There's Nothing Wrong with You
Self improvement has long been a hobby of mine. I take pleasure in setting goals, challenging myself, pushing myself farther. But that also has a flip side. I often strive for perfection then berate myself when I can't reach it. I sometimes find myself thinking in all-or-nothing terms: If I'm not acting in perfect accordance with my goals, then I'm an absolute failure.
I don't think I'm alone in this. There's a danger when we try to improve ourselves. That is, if we're telling ourselves we need to change, then we're also telling ourselves there's something wrong with us. Cheri Huber's great book There's Nothing Wrong With You opened my eyes to this recently. She discusses the critical inner voice so many of us carry around, the voice that says if we're not constantly punished, we'll be bad (so we punish ourselves, e.g. by calling ourselves fat).

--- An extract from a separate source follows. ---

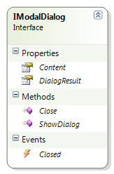 从上图可以知道必须定义一个属性DialogResult,其作用就是确定View层上确定或者取消按钮是否被点击。还必须定义两个方 法:Close和ShowDialog,两个方法的作用是关闭和显示模式窗口。当模式窗口被关闭时,还需要一个事件Closed来处理后续的操作。最后, 还需要一个属性Content,这个属性非常的特殊,为什么这样说呢?可以有两种方法来实现。

And she gives us a challenge: stop beating yourself up for one day, and if you turn into a terrible out-of-control person, then then next day you can beat yourself up double. Sounds easy enough, but, at least for me, it's been hard. But that's okay, too. The more I grow in my meditation practice, the more I learn that when a thing is difficult, scary or uncomfortable it's doesn't mean it's bad, it just means it's difficult, scary or uncomfortable.
I've been trying not be be so hard on myself for just under a week, and at times I've found myself being more critical. But there have also been times where I've let go, where I've found myself lost in the moment. And you know what? The 'me' that's coming out isn't so bad.